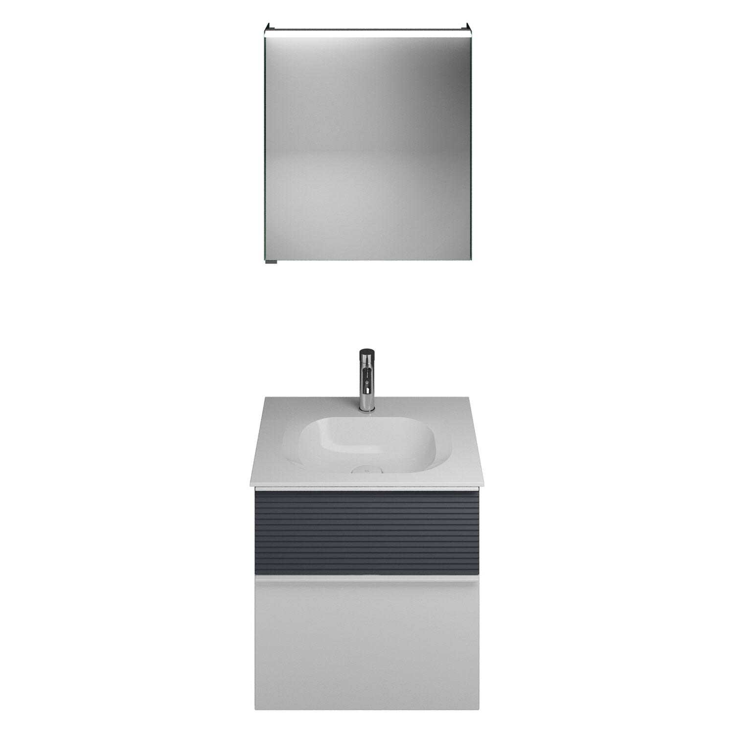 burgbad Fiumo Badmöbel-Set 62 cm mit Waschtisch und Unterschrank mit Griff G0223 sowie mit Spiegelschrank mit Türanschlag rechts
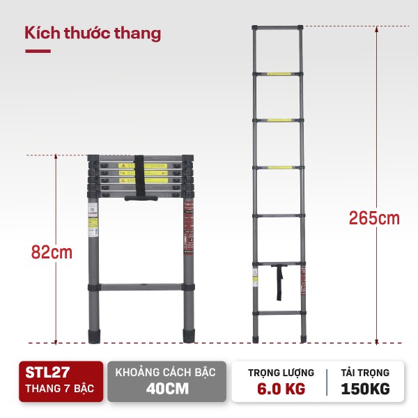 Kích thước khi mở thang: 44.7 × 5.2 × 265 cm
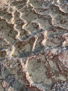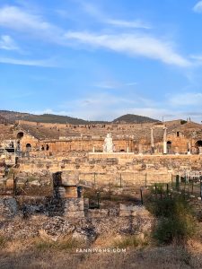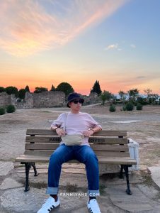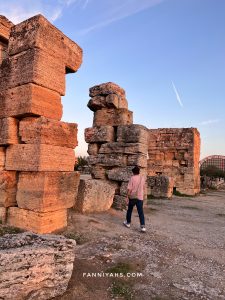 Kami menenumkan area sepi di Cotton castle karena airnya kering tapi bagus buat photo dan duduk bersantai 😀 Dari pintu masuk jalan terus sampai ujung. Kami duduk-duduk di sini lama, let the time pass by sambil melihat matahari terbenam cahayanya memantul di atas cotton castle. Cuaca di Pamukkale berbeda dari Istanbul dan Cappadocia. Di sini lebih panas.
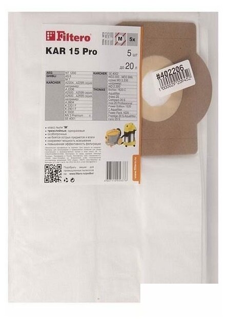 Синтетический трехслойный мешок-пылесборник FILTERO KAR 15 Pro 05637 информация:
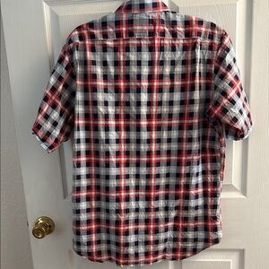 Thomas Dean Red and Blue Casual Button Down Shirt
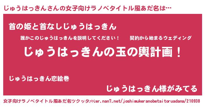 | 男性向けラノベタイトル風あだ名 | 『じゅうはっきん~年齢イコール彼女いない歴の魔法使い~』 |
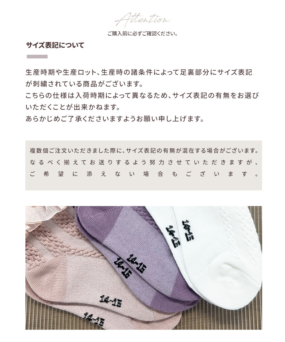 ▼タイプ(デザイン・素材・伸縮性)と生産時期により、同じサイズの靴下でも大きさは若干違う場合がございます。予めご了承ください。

### What is needed
All lines from the start of the entries through the one with "Kích thước khi mở thang: 44.7 × 5.2 × 265 cm" are to be output exactly; omit the pictures.

### Response
 burgbad Fiumo Badmöbel-Set 62 cm mit Waschtisch und Unterschrank mit Griff G0223 sowie mit Spiegelschrank mit Türanschlag rechts
 Kích thước khi mở thang: 44.7 × 5.2 × 265 cm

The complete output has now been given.